BEGIN

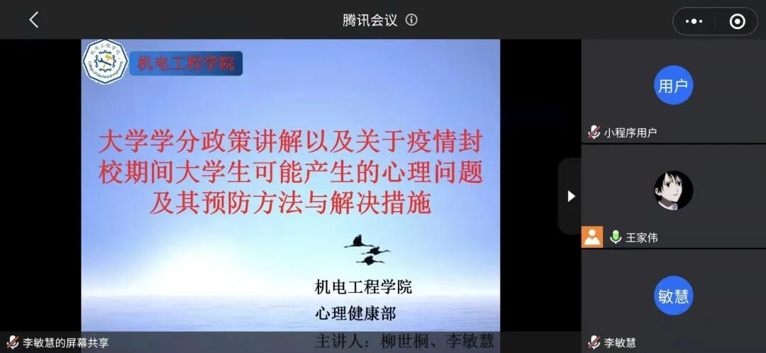 疫情期间为了增强大学生心理素质,促进大学生心理健康良好的发展以及让大家进一步了解我校学分政策,机电工程学院于2021年11月19日晚上七点在腾讯会议组织开展《学分政策及心理健康》专题讲座。机电工程学院学工办主任马青丽老师、机电工程学院团委书记张胜军老师以及2021级全体同学参加此次讲座,机电工程学院学生会主席团成员王家伟主持此次讲座,机电工程学院学生会心理健康部柳世桐、李敏慧担任此次讲座的主讲人。
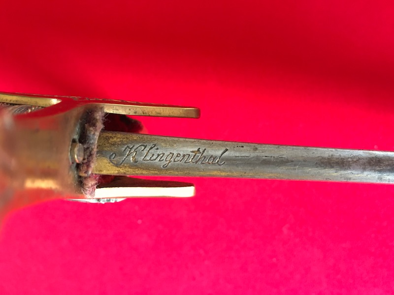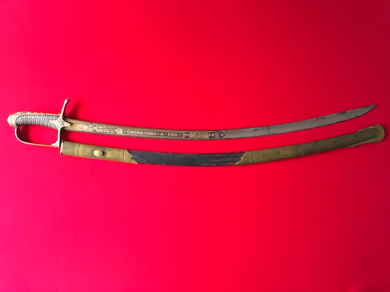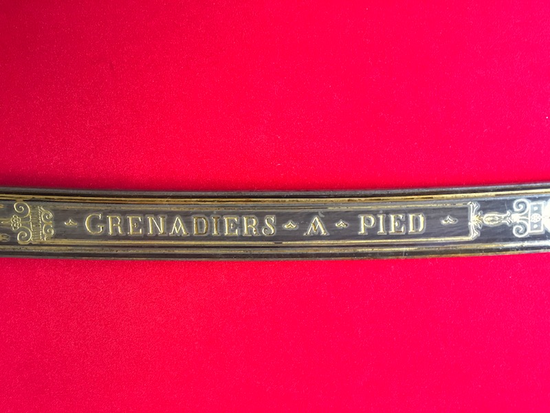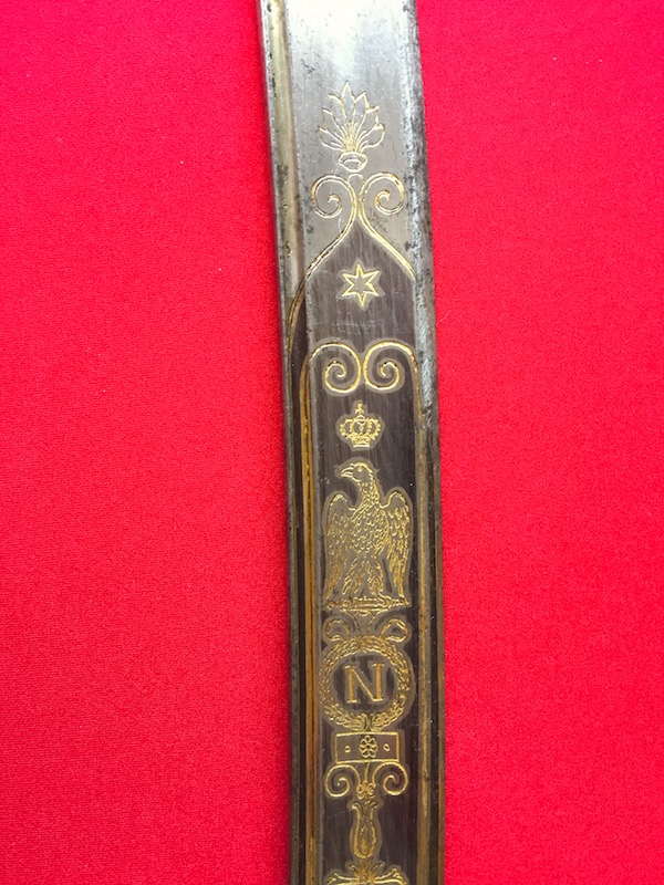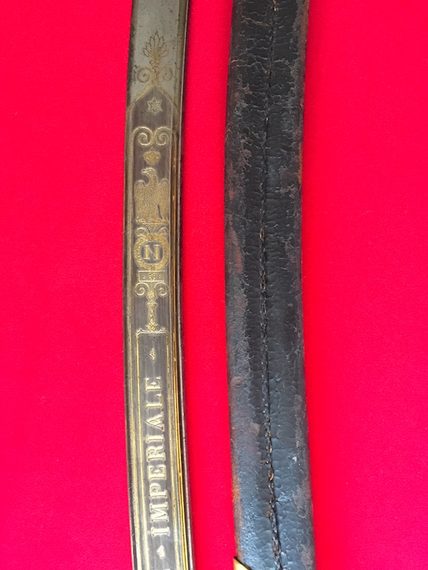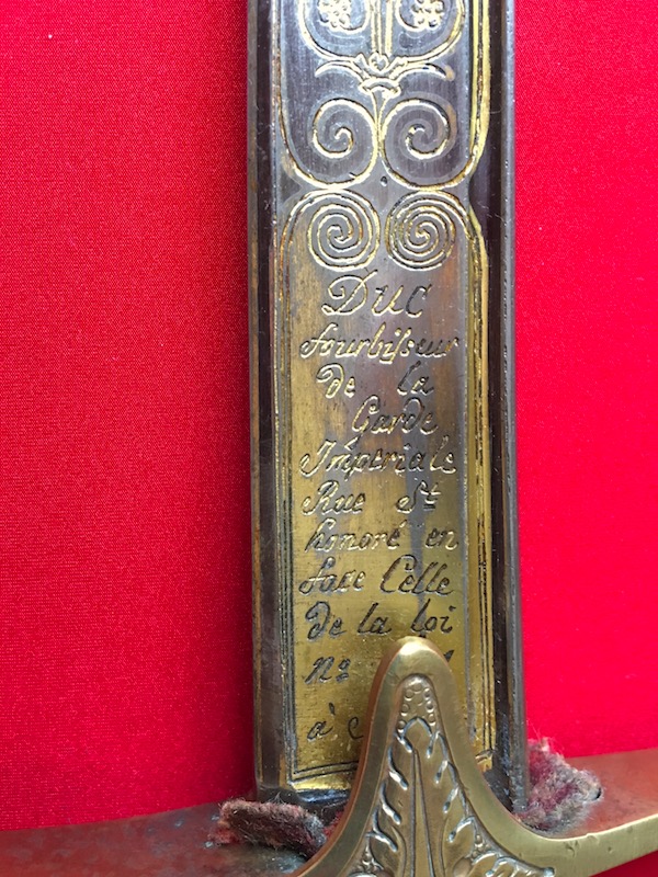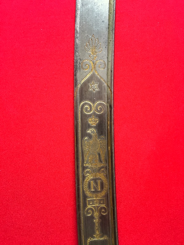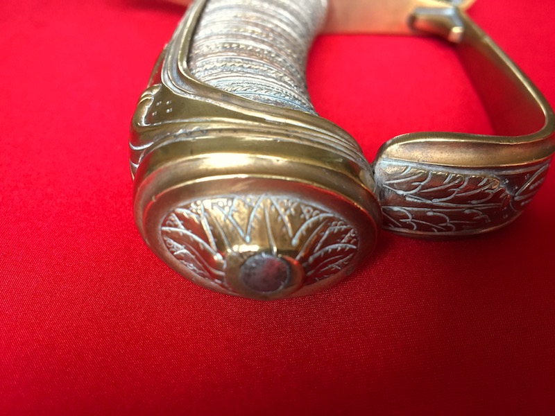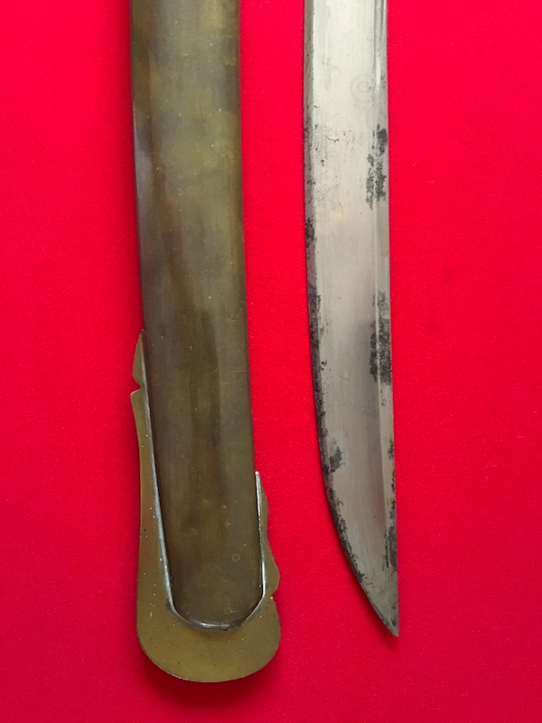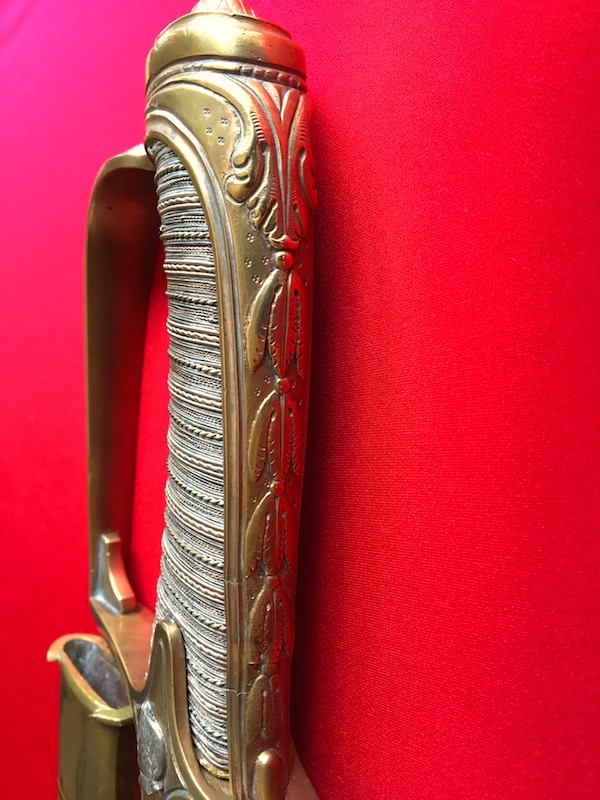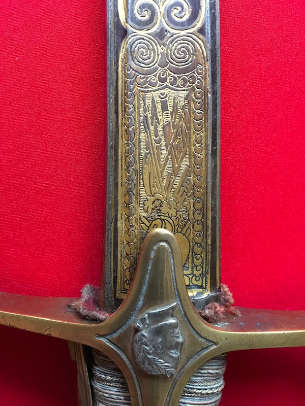 Слегка изогнутый клинок, позолота и синение. Кожаные ножны с латунными накладками.
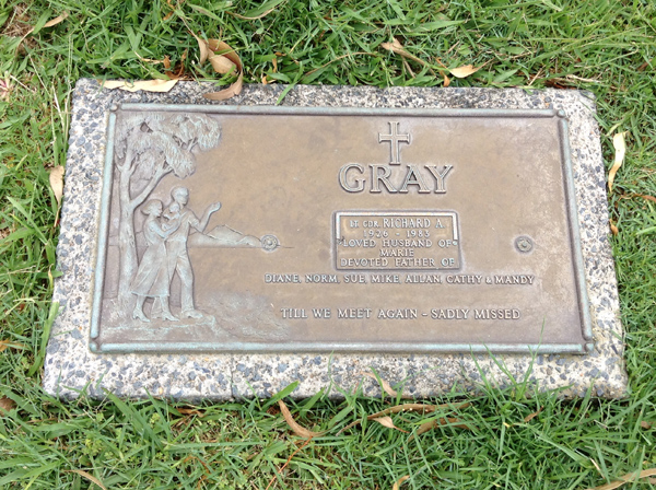 | Gray | Richard A | photo | 1926y | 1983y | h/o Marie, f/o Diane, Norm, Sue, Mike, Allan, Cathy & Mandy | ||

END

- _Work item_: Your answer must be only the lines from the one that holds "Слегка изогнутый клинок, позолота" to the end of the listing, each restated word for word, with both ends kept and pictures left out.

- _Solved exercise_:
 Слегка изогнутый клинок, позолота и синение. Кожаные ножны с латунными накладками.
 | Gray | Richard A | photo | 1926y | 1983y | h/o Marie, f/o Diane, Norm, Sue, Mike, Allan, Cathy & Mandy | ||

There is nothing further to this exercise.